Are Electromyography Data a Fingerprint for Patients with Cerebral Palsy (CP)?

Appl. Sci. 2025, 15(2), 766; https://doi.org/10.3390/app15020766
by Mehrdad Davoudi 1,*, Firooz Salami 1, Robert Reisig 1, Dimitrios A. Patikas 2, Nicholas A. Beckmann 1, Katharina S. Gather 1,3 and Sebastian I. Wolf 1
Reviewer 1: Anonymous
Reviewer 2:
Reviewer 3:
Appl. Sci. 2025, 15(2), 766; https://doi.org/10.3390/app15020766
Submission received: 12 December 2024 / Revised: 13 January 2025 / Accepted: 14 January 2025 / Published: 14 January 2025
(This article belongs to the Special Issue Human Biomechanics and EMG Signal Processing)

Round 1

Reviewer 1 Report

Comments and Suggestions for Authors

Review applsci-3369540-peer-review-v1

The paper, "Are Electromyography Data a Fingerprint for Patients with Cerebral Palsy (CP)?", examines changes in electromyography (EMG) patterns and gait parameters following multilevel surgical treatment in individuals with cerebral palsy (CP). The study focuses on EMG indices, including the EMG Deviation Index (EDI), EMG Profile Score (EPS), and Dynamic Motor Control Index (DMC), to evaluate their potential in predicting surgical outcomes. By analyzing systematic changes in EMG post-surgery, the research highlights DMC as a promising predictor of treatment success, offering valuable insights into motor control improvements in CP patients.

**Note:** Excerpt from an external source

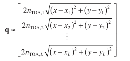 LLS方法试图将方程(1)重组为x中的线性方程,然后使用普通LS技术估计位置。 对于 TOA 测量,我们必须引入一个中间变量,它是线性化过程中源位置的函数。 基于 TOA 信息的LLS位置估计器如下。

Minor Revision Suggestions

  • Lines 43-45: Provide a more detailed rationale for the importance of eliminating subjectivity in EMG interpretation to strengthen the methodological justification.
  • Lines 97-110: Clearly articulate the study's hypotheses and emphasize their clinical significance to ensure the objectives are well-defined and impactful.
  • Lines 377-381: Perform an adjusted analysis to account for potential surgical bias, which will enhance the robustness of the results.
  • Include a discussion on why specific muscles, such as the tibialis anterior and gastrocnemius lateralis, showed no significant EMG changes post-surgery. This will provide greater context and address any unexplained findings.
  • Suggest concrete clinical pathways for integrating DMC and other EMG indices into practice to predict surgical outcomes more effectively.

Overall Evaluation: The article makes a valuable contribution to understanding the role of EMG and motor control indices in assessing surgical outcomes for patients with cerebral palsy. To maximize the paper’s clarity and impact, the authors should address confounding factors, improve the articulation of their results, and provide deeper insights into clinical applications. These revisions will enhance the manuscript’s relevance and significance for the scientific and clinical community.

Author Response

Please see the attachment.

Author Response File: Author Response.pdf

Reviewer 2 Report

Comments and Suggestions for Authors

The manuscript titled "Are Electromyography Data a Fingerprint for Patients with Cerebral Palsy (CP)?" investigates changes in EMG patterns and gait quality in CP patients following surgery, utilizing advanced clustering techniques and indices. While it is well-written and provides valuable insights, several concerns need to be addressed before it is ready for publication:

1.     The discussion highlights that proximal surgeries resulted in higher responder rates than distal surgeries, but the manuscript does not adequately address how this variability affects the results and conclusions.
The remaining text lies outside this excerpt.